When did you first discover a love of writing? Is there a particular book that made you want to become a writer?

I have been translating and writing ever since I first moved to France in 1985. I love French culture and I love writing, so the two combine well in literary translation.

What makes the French angle of this venture so interesting?
A lot of people out there love France, so this is an entertaining way to bring parts of that culture to readers. But more than that, France has a lot of great writing voices for readers to discover. What is interesting is that I am an outsider looking at France not from the outside in, but from the inside out. It’s like Peter Mayle’s A Year in Provence. What made that book work? In part, it was his British perspective on French culture. Le French Book is like that. I have lived in France for a very long time, but I’m an American. And the choices of the books we translate comes from there.

Where do you get your story ideas?

As a translator, my ideas are the original writer’s ideas. I have to get into that writer’s head and into that writer’s style. It’s a very interesting exercise. I’m part chameleon, but I also have to find a way to bridge two cultures.

Do you believe in Writer’s Block?

When translating and when writing my own stuff, the page always looks as blank as my mind feels when I begin, and that feeling can last a while, but I just have to put words down on paper and eventually they flow.

What made you decide to self-publish?

What if you could discover France while reading the best French crime fiction in English? This simple question sums up the whole project behind Le French Book, the digital-first publishing venture I founded. It probably also my vision of life as an American living in France for so many years. I always loved crime fiction and thrillers and, I must admit, this is almost the only genre I read. After several years in France, I started to discover French crime fiction novels and was amazed by the richness and creativity of a great number of French authors. So I read, I read, I read. Then, I realized that only very few of these books were available in English and the idea dawned on me: these books need a larger audience and I must help English-language readers to discover them.
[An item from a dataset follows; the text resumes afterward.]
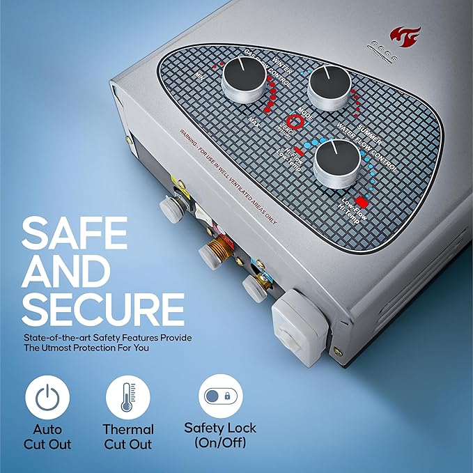 Product Features : Rapid Water heating, output of 7 Liters per minute. Summer/ Winter Operation Mode. Gas leakage protection to ensure safety at all times, Thermal cutout, Safety lock (on/off), Auto Off-Timer. Normal operation even in low pressure areas.

Digital-first publishing is a great opportunity to bring these voices to new readers.

Are there any self-publishing tricks of the trade you’d like to share? What rules of craft or promotion do you live by?
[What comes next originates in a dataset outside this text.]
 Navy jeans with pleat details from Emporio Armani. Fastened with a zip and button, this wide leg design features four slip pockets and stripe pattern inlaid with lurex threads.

As the keynote speaker at the London Book Fair said this year, “Try everything.” I would add be patient. Do not dwell on failures. Just move on and try something else. I also have what I call my Ninja Publishing creed. When you practice martial arts, you practice and practice until each movement becomes automatic. And sometimes you practice in slow motion, which is a particularly difficult exercise. It forces you to do each movement perfectly, to position yourself just right, and then, ultimately when you pick up speed again, you are more precise, faster, and much more effective. How does this apply to publishing? Well, everything takes twice as long as you’d expect it. Don’t fight it. Each step needs to be positioned just right. Unhurried, but exact. The rest will follow.